Телеграмму в Серебряный Бор Вероника дала уже перед самым отъездом с вокзала: «Возвращаюсь насовсем детьми. Никита кажется Москве. Целую плачу. Вероника». Должны понять, что произошло, если еще не знают. Впрочем, как они могут не знать? Об аресте Блюхера, кажется, было в газетах, скорее всего, и Никита в этой связи упоминается: «Разоблачена и обезврежена еще одна группа фашистских заговорщиков...» Потянулись бесконечные дни пересечения Сибири в западном направлении. В вагоне стояла духота, окна не открывались, разило потом и протухшей пищей, все чесались, дети зверели от безделья, отовсюду слышались то храп, то попердывание, но больше всего жвачка: после Байкала жевали омуля, перед Омском какое-то, оказывается, знаменитое копченое сало, повсюду похрустывала единственная санитарная упаковка – скорлупа яиц. Проводники временами разбрасывали хлорку, чтоб народ тут не перезаражал друг друга всякой гнусностью. Подвыпив, то тут, то там прокисшие башки вели какие-то бесконечные прокисшие толковища. Вероника, по сути дела, впервые путешествовала в общем плацкартном. Единственным утешением был маленький томик Пушкина. Забившись в угол, она бесконечно, то молча, то шепотом, повторяла: «Прощай, письмо любви, прощай! она велела... Но полно, час настал, гори, письмо любви... Свершилось! Темные свернулися листы; На легком пепле их заветные черты Белеют... Грудь моя стеснилась. Пепел милый, Отрада бедная в судьбе моей унылой, Останься век со мной на горестной груди...» Горькие строки ее утешали. Не только у нас все было разбито, разрушено, у него тоже вдруг все начинало скользить под откос; в горечи человеческих судеб есть тоже свой убаюкивающий ритм... может быть, это единственное, что остается, но это немало.
Вконец измученные, исчесавшиеся и одуревшие «никитяне», как называли эту часть семейства в Серебряном Бору, вывалились из вагона на Ярославском вокзале прямо в объятия Бориса Никитича и Мэри Вахтанговны. Женщины, включая пятилетнюю Верочку, слились в рыданиях. Два Бориса молча стояли. Профессор заметил, что у любимого отпрыска появился взгляд исподлобья сродни тому, с которым привезли из Горелова Митю.
* * *
Весь день до вечера «никитяне» обмывались, обстирывались, сушились. Залезли потом на чистейшие простыни, под старые, будто вечные, пуховые градовские одеяла.
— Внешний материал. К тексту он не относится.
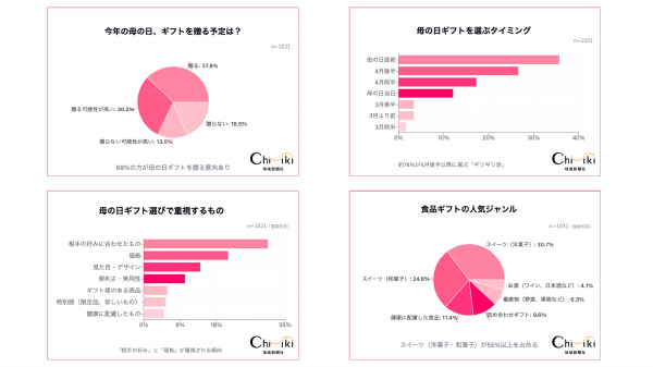 一方、ギフトを選ぶタイミングについては、「母の日直前」が35.7%で最も多く、次いで「4月後半」が26.6%、「母の日当日」が12.1%という結果に。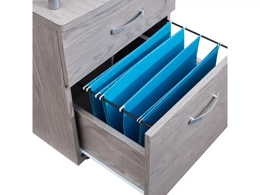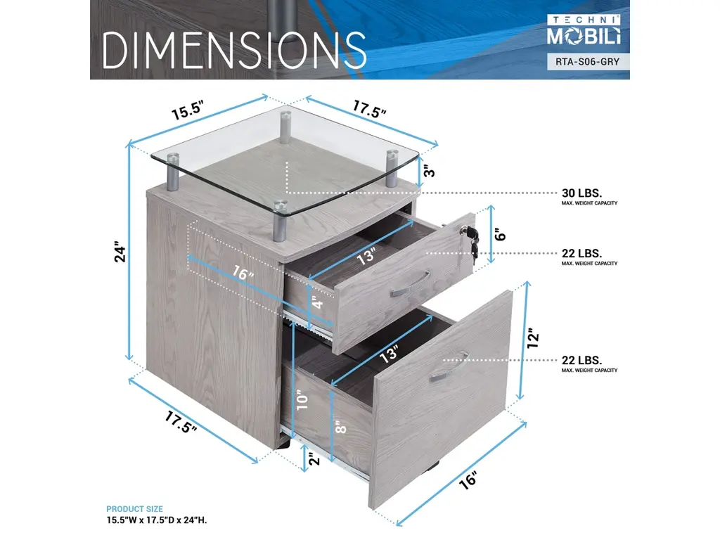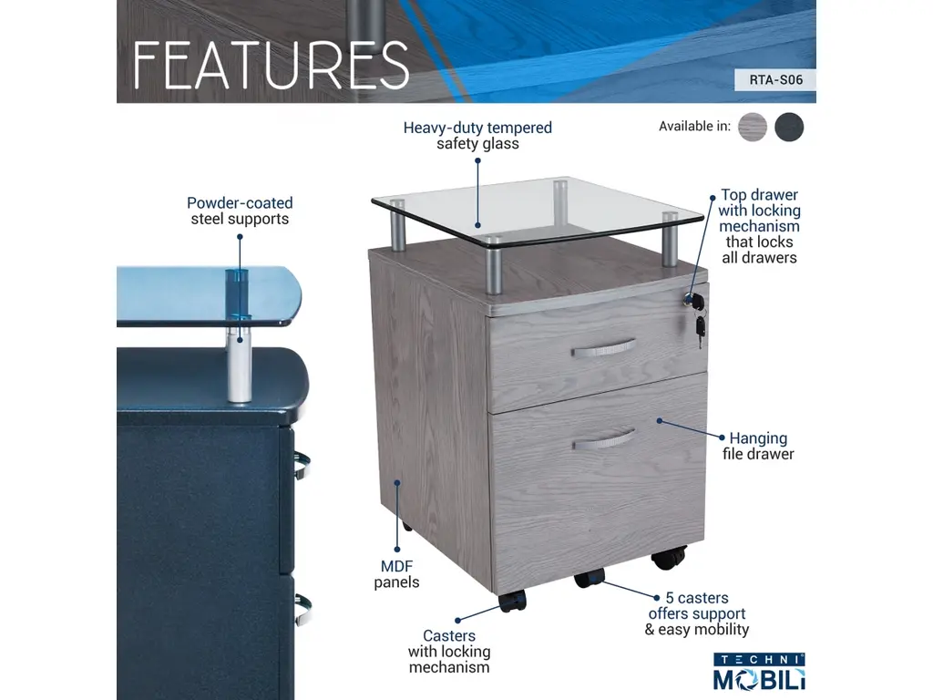 The Techni Mobili Rolling File Cabinet is stylish and keeps your accessories and documents organized. It features a top drawer with a locking mechanism that locks both the top drawer and lower file cabinet.

Дети немедленно заснули. Вероника, свернувшись клубочком, лежала на столь знакомой кровати, в которой, по всей вероятности, и зачат был Борис IV, прислушивалась к звукам большого старого дома: к поскрипыванию паркета внизу, к уютному подвыванию ветра на чердаке, к голоску хлопотливой Агаши, к шагам, возгласам, отрывистому вопросительному рявканью Пифагора. О Никите почему-то в этот момент не думалось. Вообще ни о чем не думалось, а только лишь ощущалась тихая радость пристанища. В один из блаженных этих моментов снизу долетело, что пришла телеграмма от ее родителей, которые отдыхали в Крыму в писательской колонии, и оттуда, из писательской колонии, горячо обнимали любимую дочку и очаровательных внуков. Она не стала вылезать из-под одеяла, чтобы не прерывать радости пристанища.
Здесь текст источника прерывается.